Fatal trap 12: page fault while in kernel mode
cpuid = 1; apic id = 02
fault virtual address	= 0xb8
fault code		= supervisor read data, page not present
instruction pointer	= 0x20:0xffffffff80f44300
stack pointer	        = 0x28:0xffffffff83796c80
frame pointer	        = 0x28:0xffffffff83796d00
code segment		= base 0x0, limit 0xfffff, type 0x1b
			= DPL 0, pres 1, long 1, def32 0, gran 1
processor eflags	= interrupt enabled, resume, IOPL = 0
current process		= 6121 (tailscaled)
rdi: ffffffff82d62a40 rsi: 0000000000005ce5 rdx: 0000000000000000
rcx: 0000000000000000  r8: fffff8001dd2f700  r9: 0000000000000000
rax: 0000000000000030 rbx: fffff8001da28380 rbp: ffffffff83796d00
r10: 0000000000000000 r11: fffffe006b33a8c0 r12: fffff80123e9bb80
r13: 0000000000005ce5 r14: 0000000000000001 r15: fffff8001dd2f700
trap number		= 12
panic: page fault
cpuid = 0
time = 1711432782
KDB: enter: panic

PS: Have uploaded the dump.

stephenw10

Pretty much identical backtrace:

db:0:kdb.enter.default>  bt
Tracing pid 6121 tid 101274 td 0xfffffe006b33a3a0
kdb_enter() at kdb_enter+0x32/frame 0xffffffff83796960
vpanic() at vpanic+0x163/frame 0xffffffff83796a90
panic() at panic+0x43/frame 0xffffffff83796af0
trap_fatal() at trap_fatal+0x40c/frame 0xffffffff83796b50
trap_pfault() at trap_pfault+0x4f/frame 0xffffffff83796bb0
calltrap() at calltrap+0x8/frame 0xffffffff83796bb0
--- trap 0xc, rip = 0xffffffff80f44300, rsp = 0xffffffff83796c80, rbp = 0xffffffff83796d00 ---
in6_pcbbind() at in6_pcbbind+0x440/frame 0xffffffff83796d00
udp6_bind() at udp6_bind+0x13c/frame 0xffffffff83796d60
sobind() at sobind+0x32/frame 0xffffffff83796d80
kern_bindat() at kern_bindat+0x96/frame 0xffffffff83796dc0
sys_bind() at sys_bind+0x9b/frame 0xffffffff83796e00
amd64_syscall() at amd64_syscall+0x109/frame 0xffffffff83796f30
fast_syscall_common() at fast_syscall_common+0xf8/frame 0xffffffff83796f30
--- syscall (104, FreeBSD ELF64, bind), rip = 0x482bff, rsp = 0x87058fa50, rbp = 0x87058fa50 ---

Message buffer is still spammed by arp movement logs hiding anything that might be useful. You should really think about just disabling that logging if those MACs are known:
https://docs.netgate.com/pfsense/en/latest/troubleshooting/logs-arp-moved.html

Can you upload the ifconfig output from that hardware?

DrAg0n141

@stephenw10 Files is uploaded.
I dont understand exactaly where i can disable the settings for that and why i have that messages.

EDIT: Got it dont read the last line of the URL.

stephenw10

Hmm pretty much as before then. The only anomaly there is that one link in the lagg is not participating/active:

        laggport: igc0 flags=8<COLLECTING> state=1f<ACTIVITY,TIMEOUT,AGGREGATION,SYNC,COLLECTING>
                [(8000,7C-2B-E1-13-62-5B,01E6,8000,0001),
                 (FFFF,74-4D-28-07-F0-08,0007,00FF,0004)]

DrAg0n141

@stephenw10 I know that, i think the cable is broken. I have now set from SpeedShift to PowerD and since that no more crashes.
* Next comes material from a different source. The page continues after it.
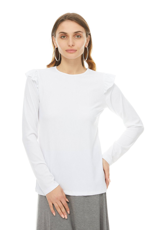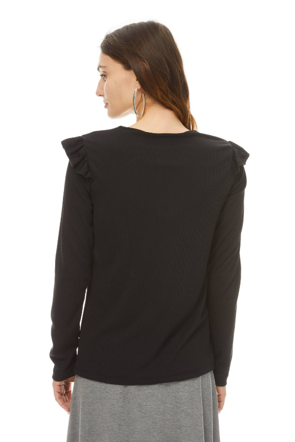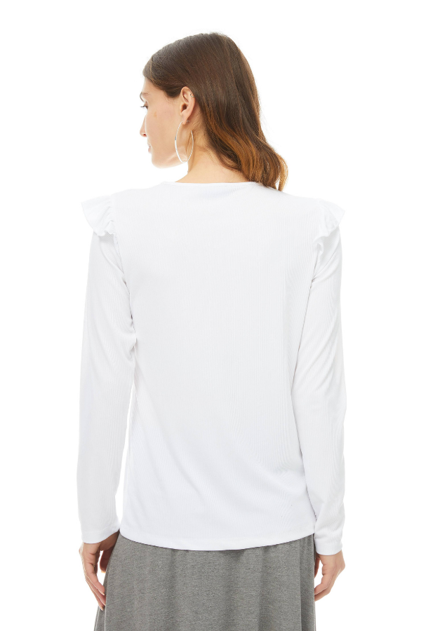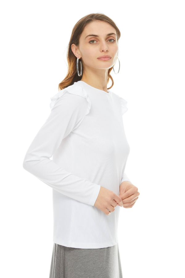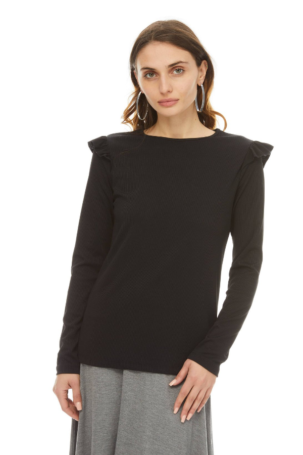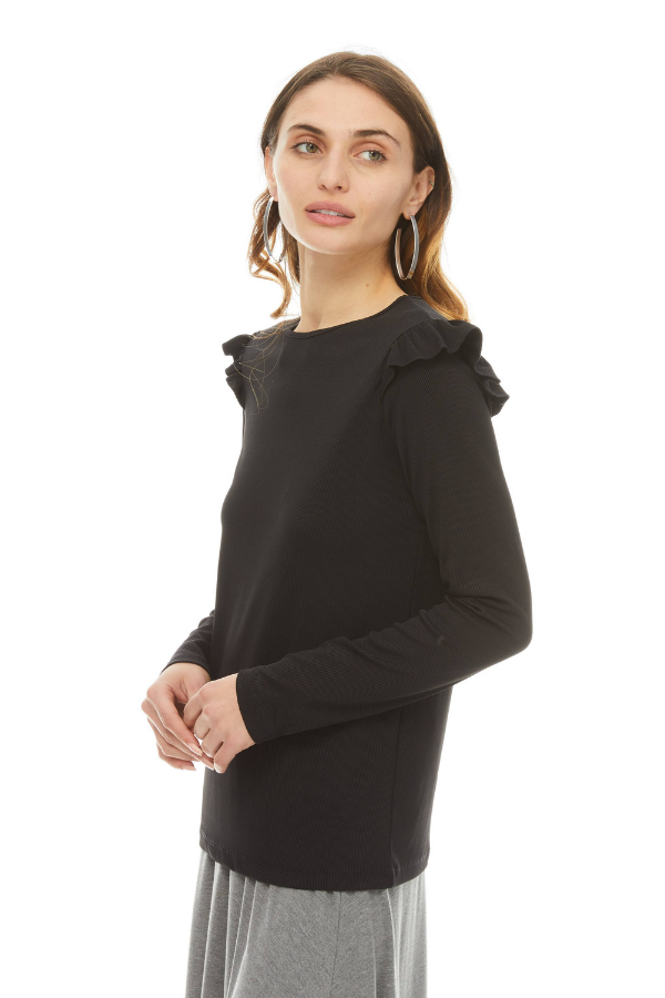 Ruffle shoulders lend a feminine flourish to this fine ribbed top. Crew neck and long sleeves. Can be dresses up or down with our modal Skye skirt.

Before the setting and the first crash in the morning i have a crash every hour.

stephenw10

Huh, well that's..... unexpected! There was some speculation that it could be a race condition between multiple processes accessing the same socket. Changing the CPU frequency could affect that.

DrAg0n141

Good morning,

i had another Crash in the morning now with powerd, then thats not the resolution for the crashes. I uploaded the logs bug i think the crash report is the same.